Changes in Tax Provisions for Startups
President Donald Trump’s recent tax bill may offer startup founders and investors the chance to cash in on their stocks sooner than expected. The One Big Beautiful Bill Act, which was enacted last week, brings significant revisions to small business tax regulations.
There are three primary changes worth noting. First, the new provisions allow businesses to qualify as small enterprises even with larger fundraising efforts. Additionally, it raises the tax-free profit threshold for stakeholders selling shares after a sale.
The most notable shift is the introduction of a step-by-step system, allowing investors to experience tax benefits much sooner. Previously, founders and investors were exempt from capital gains tax only if they sold their stocks five years post-issuance. This restriction often deterred founders from pursuing mergers or secondary sales early on, fearing substantial tax consequences.
Now, profits will be tax-free for 50% after three years, reaching 75% after four years, and completely tax-free after five years.
The startup ecosystem is buzzing about this change and its potential impact. “For many, the minimum exit over the last five years has brought no real benefits,” remarked Luke Fischer, co-founder and CEO of Skyfi, a geospatial tech startup. “It seems they grasp the reality of business and recognize the necessity of deploying their hard-earned capital.”
Understanding the Changes
The revised Eligible SME Equity Rules broaden the definition of small businesses, raising the total asset cap from $50 million to $75 million. This expansion allows founders, investors, and employees who acquire shares before hitting that cap to realize profits up to $15 million per taxpayer from the sale of startup shares, effectively doubling the previous cap of $10 million.
Some restrictions remain. Companies mainly servicing hospitals or law firms won’t qualify for QSBS benefits, and to be eligible, firms must be registered as C corporations.

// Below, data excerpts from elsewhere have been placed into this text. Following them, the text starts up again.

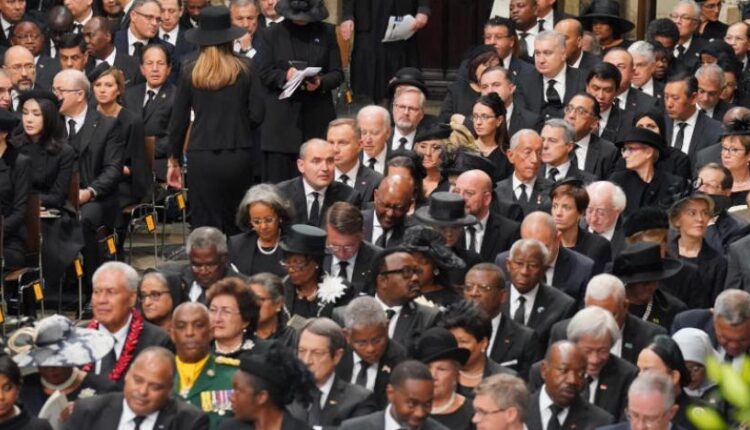 وتوافد زعماء العالم بمن فيهم الرئيس الأميركي جو بايدن، ورئيسة الوزراء البريطانية ليز تراس، والرئيس الفرنسي إيمانويل ماكرون، إضافة إلى رئيسة وزراء نيوزيلندا جاسيندا أرديرن، والملوك بما في ذلك الإمبراطور الياباني ناروهيتو والإمبراطورة ماساكو، وملك بلجيكا فيليب والملكة ماتيلد، وملك إسبانيا فيليب والملكة ليتيزيا، وملك السويد كارل السادس عشر غوستاف والملكة سيلفيا، وملك هولندا فيليم والملكة ماكسيما إلى الكنيسة في أسطول من الحافلات ابتداءً من الساعة الثامنة صباحاً.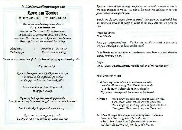 Funeral Programs / Begrafnisbriewe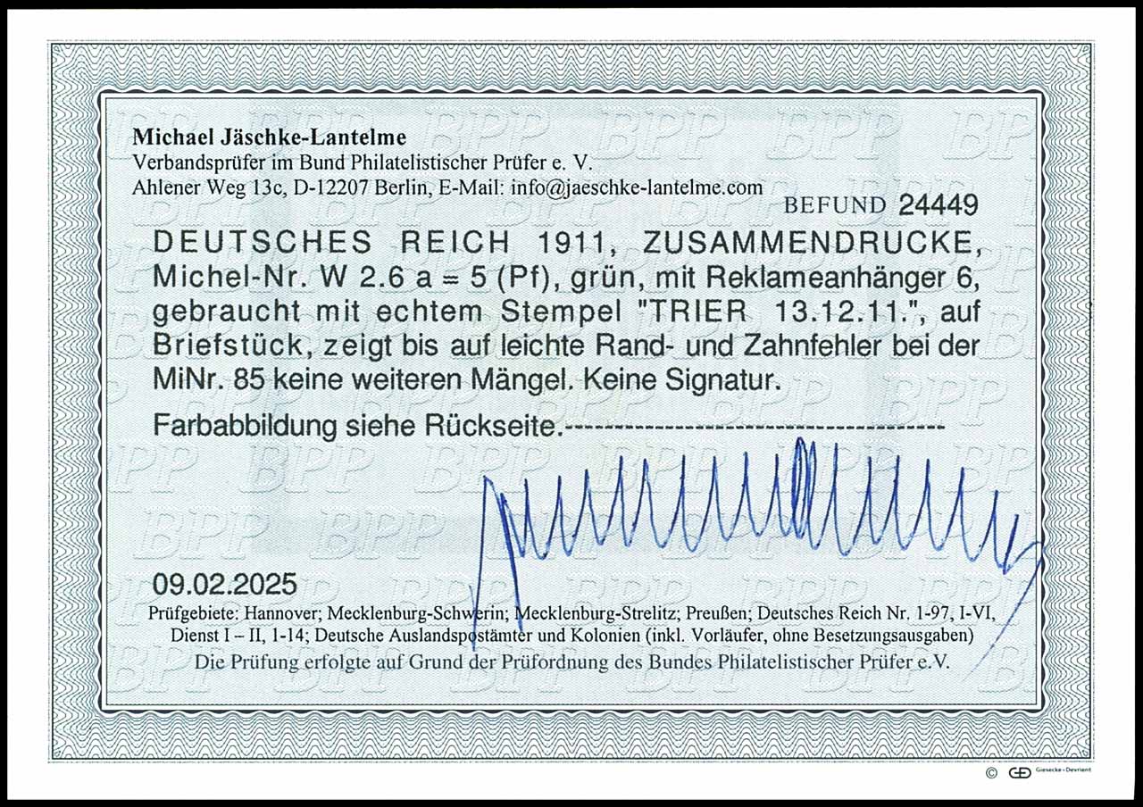 Germania 1911 / 12, advertisement label 6 plus 5 pfennigs green, horizontal se-tenant, cancelled "TRIER 13.12.11" on piece, slight edge and perforation fault, otherwise faultless, photo expertize Michael Jaeschke Lantelme BPP (2025), Michel 600.-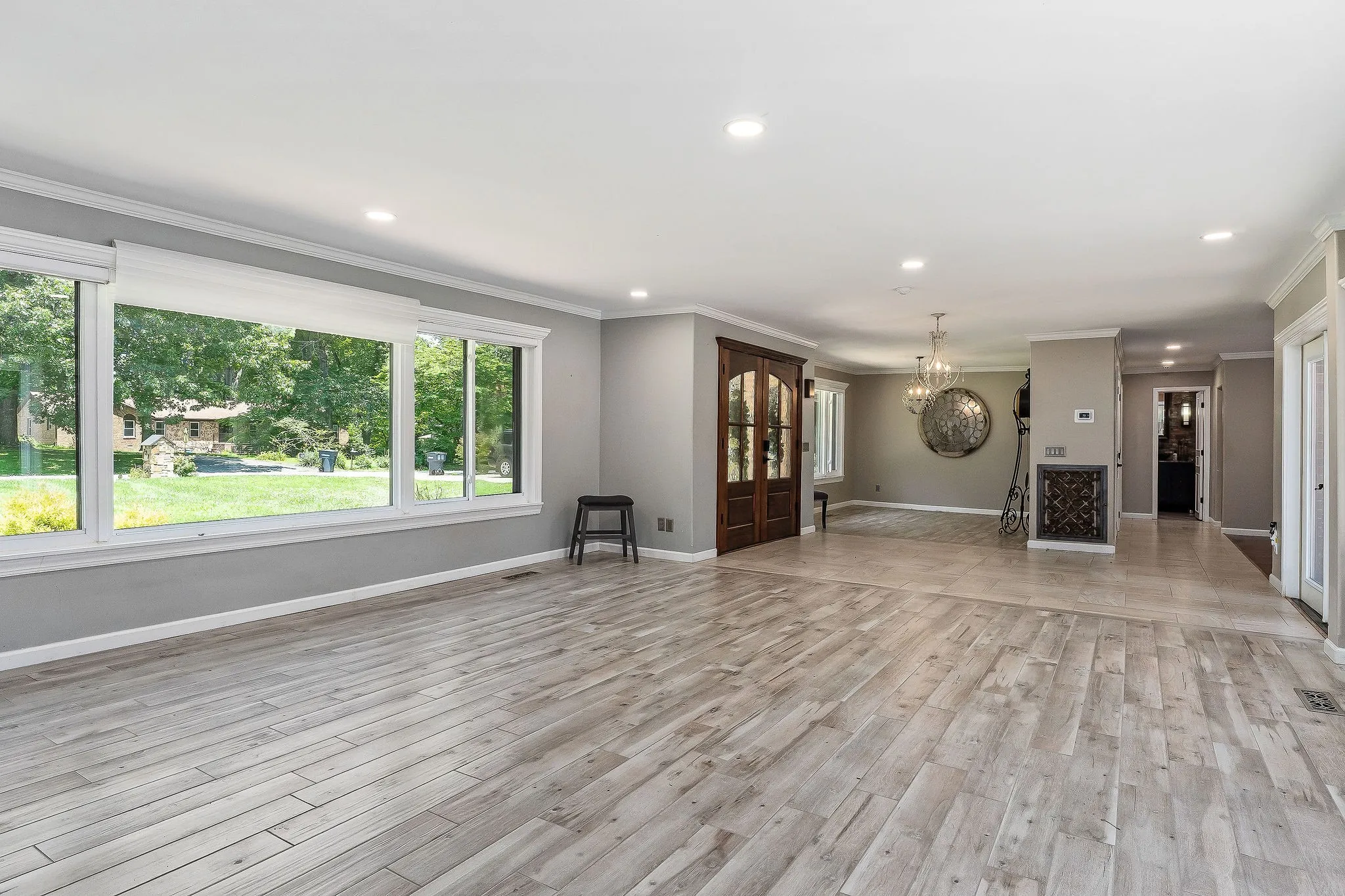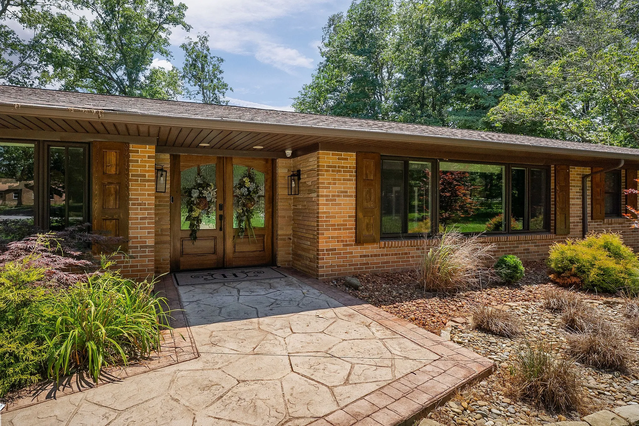 This fully remodeled, single-level brick ranch offers over 3,600 square feet of luxurious living space, perfectly crafted for both entertaining and everyday comfort. Inside, two expansive living areas and an open formal dining room provide ample space for gatherings. The true chef’s kitchen boasts layered granite countertops, a massive island, double ovens, smart appliances, a wet bar, pantry, and travertine tile backsplash, making it both stylish and highly functional. The home includes four spacious bedrooms and three and a half bathrooms, along with a private lounge that opens onto a serene Trex deck—ideal for unwinding in privacy. Outdoors, discover a backyard paradise featuring a stamped concrete patio around a 20×40-foot pool with an 11-foot deep end. The fully fenced yard also includes an outbuilding, water features, and a stunning covered outdoor kitchen, complete with leathered granite countertops, a stone fireplace, and built-in grills and appliances.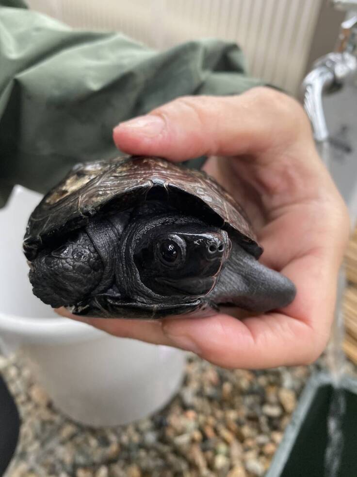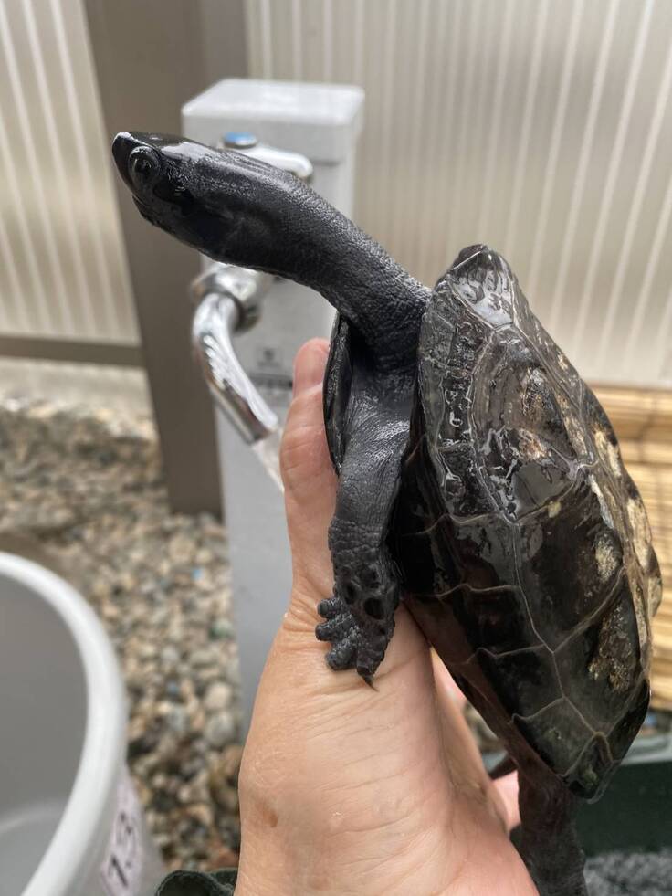 現在、水棲亀が多くおりますが、ほとんどは富山県内の警察署から保管期間を経て当団体に譲渡されました。体長30cm以上の陸亀の保護もあります。またオオトカゲなど体長100cm近くの大型爬虫類の保護もあり爬虫類等を専門となさるお店や飼養経験のあるかたとの連携はとても重要で毎々助けていただいております。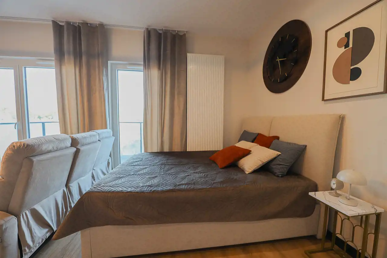 - W salonie rozkładana kanapa z funkcją relaksu oraz łóżko sypialniane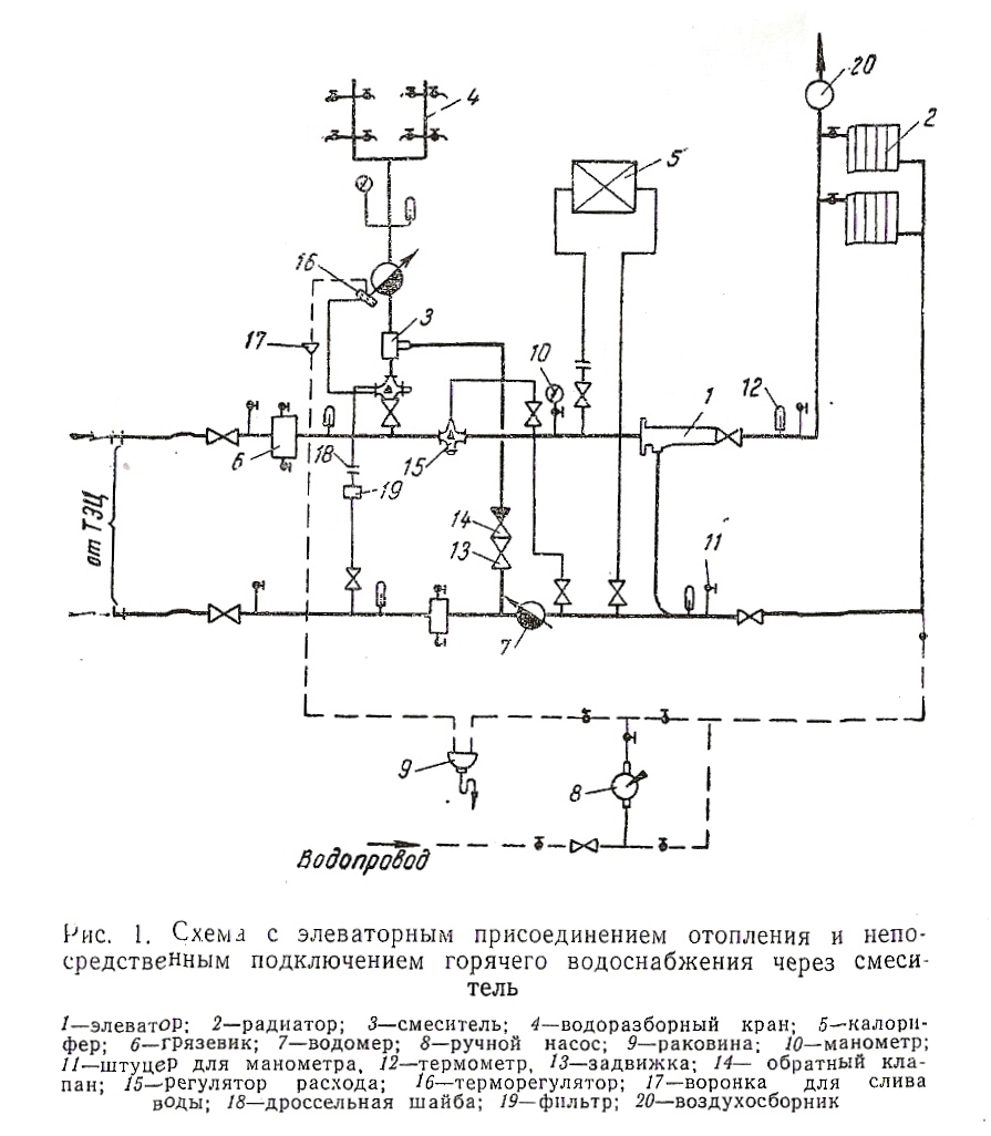 Посмотрите на схему теплового пункта,ей 50лет. Попробуйте с позиций сегоднашнего дня, добавить или убавить что либо.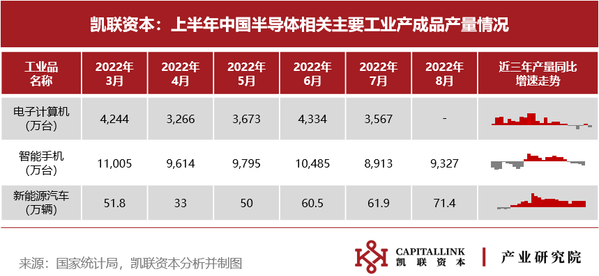 反觀新能源汽車產量增長正值勢頭,同比增長超過100%,成為半導體需求增長的主要動能之一,推動半導體需求端結構持續分化。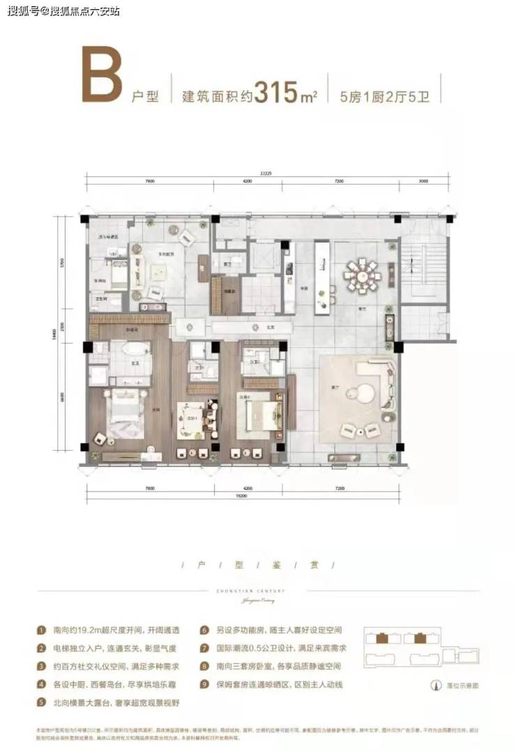 和市面上的其他宽景平层不同,HCC中天纪并没有在300多方的空间里规划出5-6个房间,而是保留了约100方空间作为公共社交空间,完全满足了商务、办公、居住等多重需求。由于公共社交空间被扩大了,因而整个房间的视野和采光面就被大大拓宽了。以C户型为例,四开间朝南,南向的总开间有近22米,西面还有15米的采光面。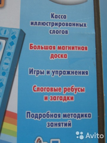 В состав набора входит магнитная доска, касса из 72 слогов с вынимаемыми вкладышами, кубик и инструкция, в которой подробно и понятно описаны методика занятий и правила игр.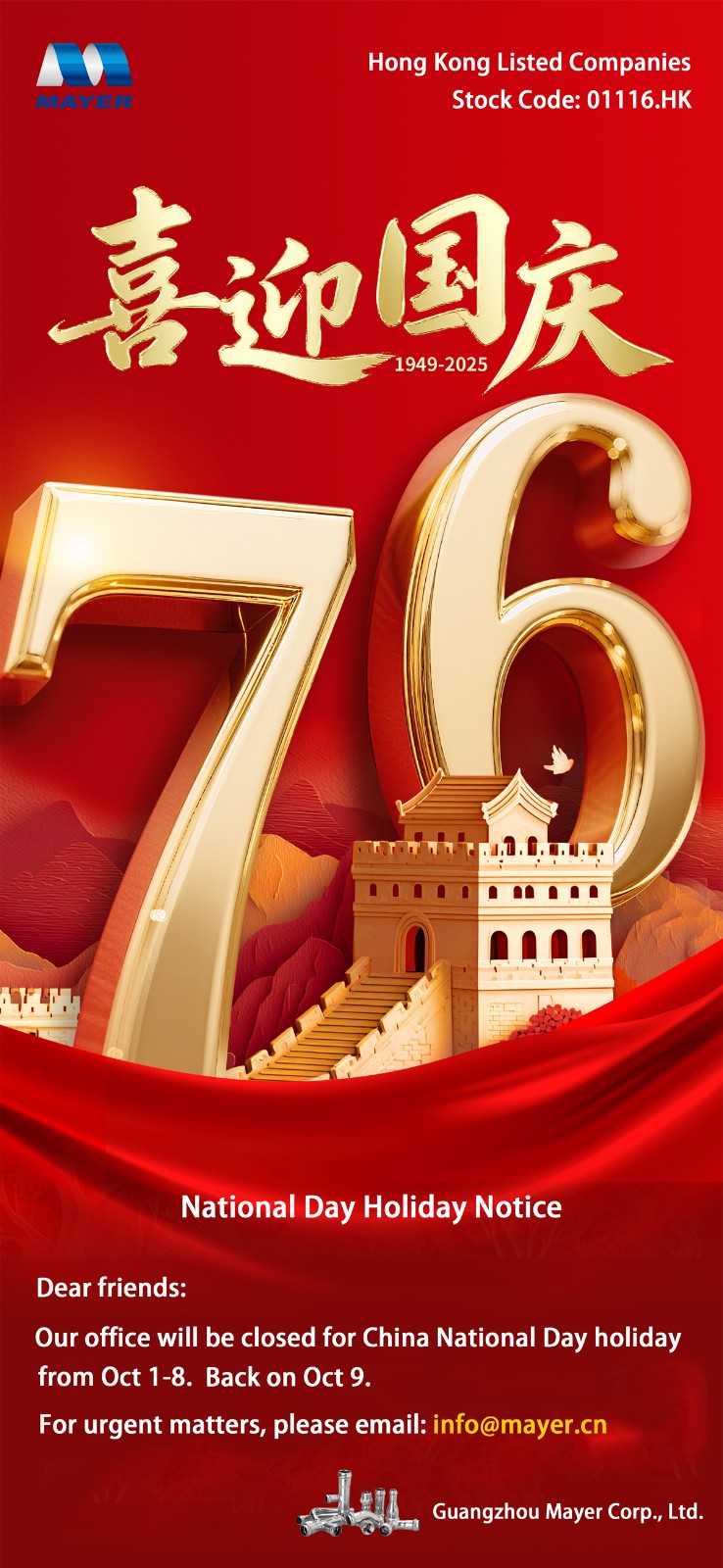 For any urgent matters, please feel free to email us at info@mayer.cn. While we may not respond immediately, we will get back to you as soon as possible upon our return.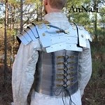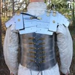- he cuirass is tied shut front and back with leather thongs. The upper body and shoulders are protected by additional shoulder guards. The shoulder guard (Pauldron) is well decorated with polished brass hinges and rivets.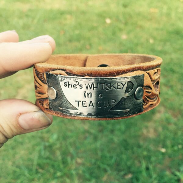 “She’s whiskey In a teacup,” Genuine leather Cuff bracelet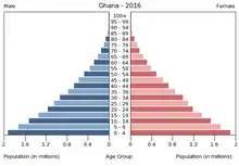 Вікова структура населення Гани, станом на 2015 рік, мала такий вигляд: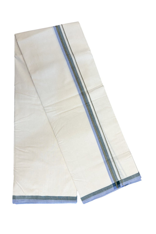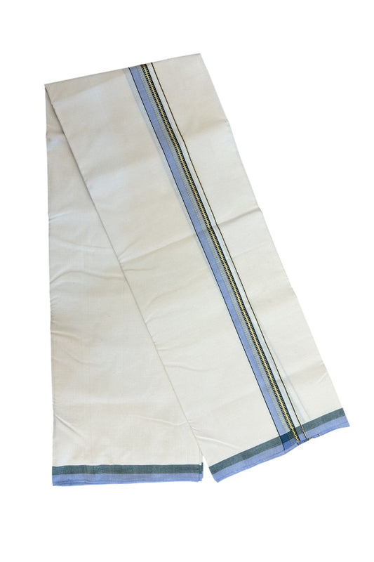 25%DISCOUNT!! SIGNATURE KAITHARIKADA EXCLUSIVE SINGLE DHOTI - 100% Cotton Balaramapuram HANDLOOM Single Mundu/Dhoti - Off White - (Unbleached) 1 inch Green Lavender & Gold Kasavu Kara (2 meter / 4 muzham)- 7KK5173KAI

Venture capital attorney Chris Harvey noted an uptick in companies that previously exceeded the $50 million asset limit now qualifying for benefits due to the increased cap. This expansion is likely to draw more Series A and B startups into the fold, especially as the average funding sizes for these stages have decreased since the peak funding years in 2021.
“If you were in a position where you had options, you might have shied away from exercising them. Now, there may be a viable path forward,” Harvey explained.
Potential for Quicker M&As
The updated regulations could lead to swift mergers and acquisitions. “Startups can consider acquisition offers after as little as three years,” said Milad Alucozai, co-founder of Pamir Ventures. Prior to the recent changes, any profit realized before the five-year mark often incurred heavy taxes.
While startup timelines for M&A can be quite variable, it’s observed that they typically occur within five to ten years. However, Alucozai noted a trend where especially AI startups are receiving acquisition offers at an accelerated pace, driven by demand for AI talent and assets.
This change could also make secondary sales more appealing. Generally, these transactions take place later in a startup’s lifecycle, but Menlo Ventures’ Deedy Das indicated that the new provisions might prompt founders to consider them earlier.
“This might motivate early employees and founders to sell within three to five years, especially given the tax incentives, potentially increasing secondary sales for strong companies in demand,” he said.
Uncertainties and Employee Impact
According to CARTA data from August 2024, investors stand to benefit significantly from the QSBS expansion, owning nearly 60% of all eligible small business stocks, while employees hold about 10%. Employees with stock options face a unique situation as they must transition those options into actual shares, incurring taxes in the process, whereas founders and investors typically own shares from the start.
Harvey emphasized that for tax incentives to be applied justly across employees, founders, and investors, further changes to QSBS provisions may be necessary. There’s also a lack of clarity regarding safety agreements, which are commonly employed in early-stage startups. Investors utilizing these agreements may find the conversion process complex if it occurs before the startup reaches the $75 million asset threshold, which could disqualify the entity from QSBS benefits.
Additionally, there’s a risk of “brain drain” if employees cash out and leave the company. Alucozai noted, however, that such changes could enhance capital flow throughout the venture ecosystem, enabling founders and employees to remain involved longer.
“Ultimately, if you aim to build for the long haul, introducing liquidity along the way isn’t a disadvantage,” he concluded.